Security readout for executives and security teams
Plain-English summary
This issue can let an unauthenticated internet user exhaust memory on affected self-hosted Next.js applications. The impact is availability: the site or service may slow down or crash. Sources identify fixed Next.js versions, but do not state active exploitation.
Executive priority
Prioritize remediation for public self-hosted Next.js services because exploitation could cause outages without authentication. Treat this as an availability risk, not a confirmed breach indicator.
Technical view
Affected self-hosted Next.js versions fetch eligible local images through the default Image Optimization API without a maximum size limit. Requests to /_next/image for large local assets matching images.localPatterns can trigger out-of-memory conditions.
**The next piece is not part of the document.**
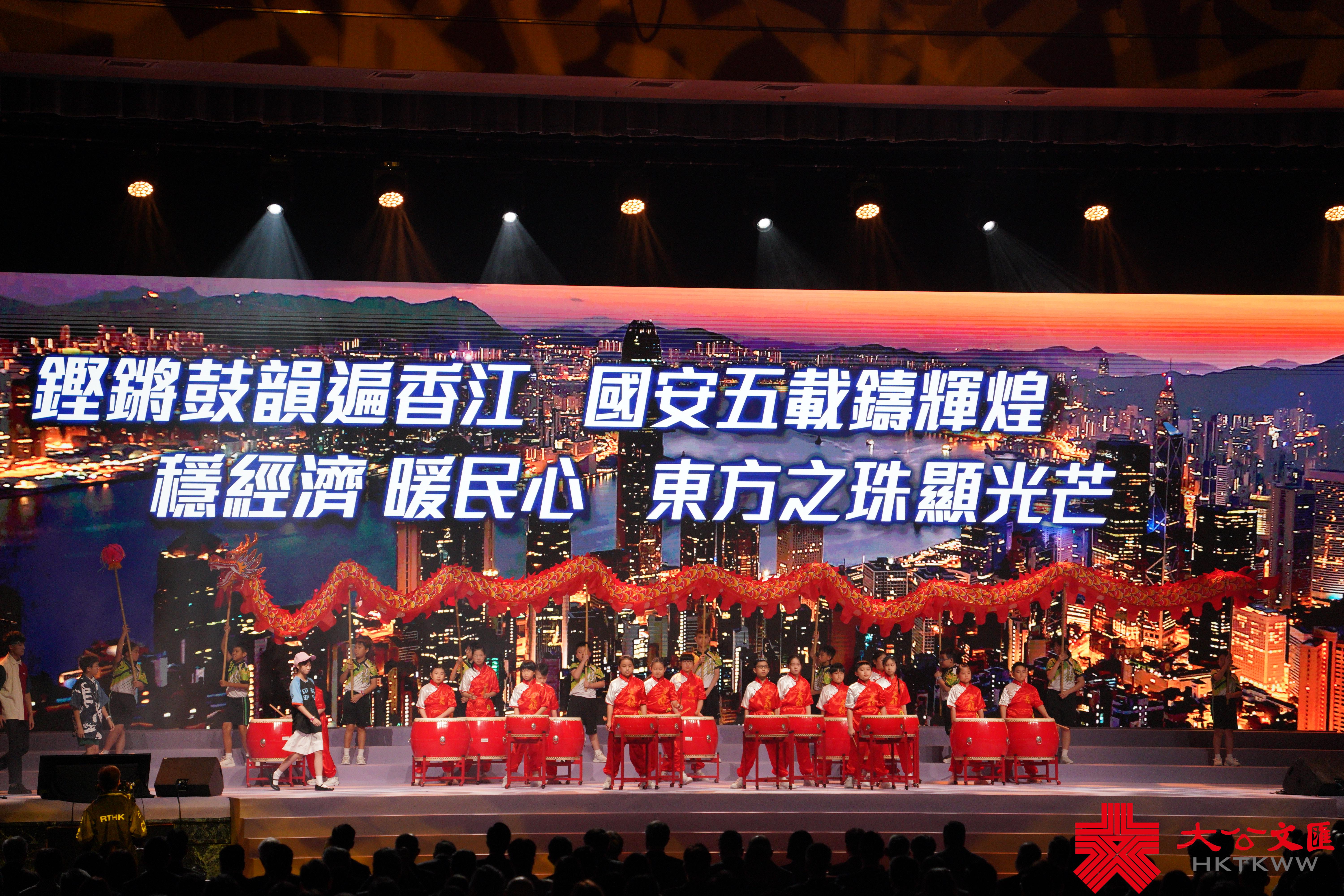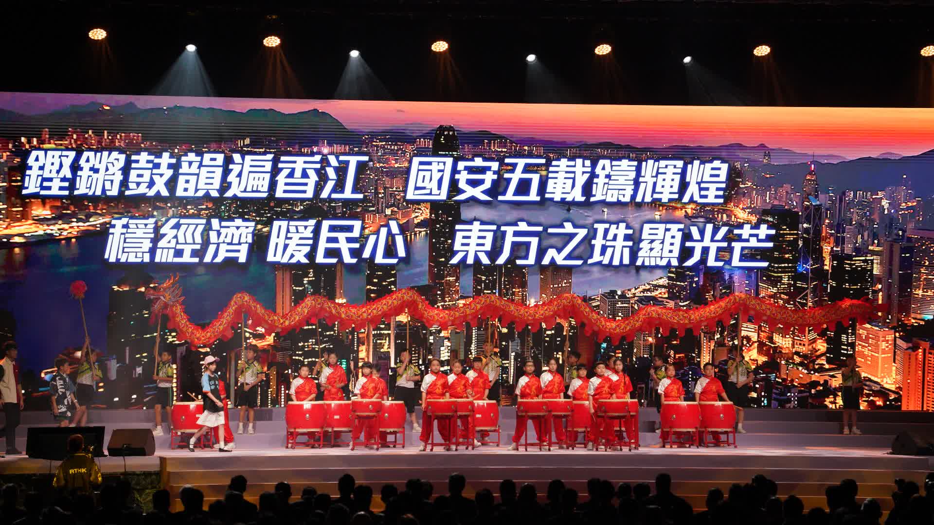 接着,社交媒體帖文創作獲獎學生們帶來表演「五載新希望 國安我擔當」,節目通過生動演繹,講述國安法在止暴除惡和保障居民權益等方面發揮的積極作用。當中還有舞龍、擊鼓等中華傳統藝術,及童聲合唱、民族舞蹈等表演。

The CVSS 3.1 score is 7.5, with network attack vector and high availability impact.
Likely exposure
Exposure is most likely in self-hosted Next.js applications running versions >=10.0.0 and <15.5.16, or >=16.0.0 and <16.2.5, using the default image loader and reachable Image Optimization API.
Exploitation context
The source bundle marks KEV as false and provides no cited evidence of active exploitation. The issue is remotely reachable, requires no authentication or user interaction, and targets service availability rather than data confidentiality or integrity.
Researcher notes
Evidence is strong for affected versions, root cause, endpoint, and fixed releases. Evidence is incomplete for exploitation in the wild and for formal mitigations beyond upgrading. Avoid assuming Vercel-hosted exposure unless vendor guidance says so.
Mitigation direction
Upgrade affected Next.js 15.x deployments to 15.5.16 or later.
Upgrade affected Next.js 16.x deployments to 16.2.5 or later.
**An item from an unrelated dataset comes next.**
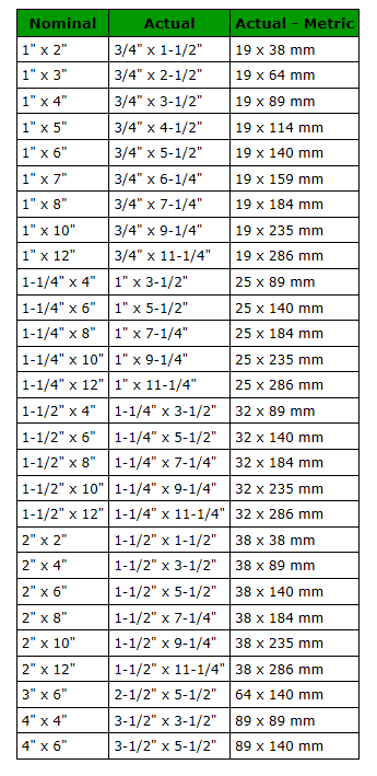 Here are the common sizes of lumber and their actual sizes.

Inventory self-hosted Next.js applications using the default image loader.
Review Vercel and Red Hat advisories for package-specific guidance.
Check vendor guidance before applying temporary configuration workarounds.
Validation and detection
Confirm each application’s installed Next.js version.
Confirm whether the deployment is self-hosted.
Review Next.js image loader configuration for default loader usage.
Check whether /_next/image is internet reachable.
Verify remediation by confirming patched versions in build artifacts.
Generated from the cited source records. This long-tail analysis has not been individually reviewed by a named human.
Potential ATT&CK relevance
Conservative CVE-to-ATT&CK context
These mappings and lookup hints may be relevant to the vulnerability behavior, CWE, affected product, or exposure path. Glexia-inferred context is not an official MITRE, ATT&CK, CWE, or CVE Program mapping.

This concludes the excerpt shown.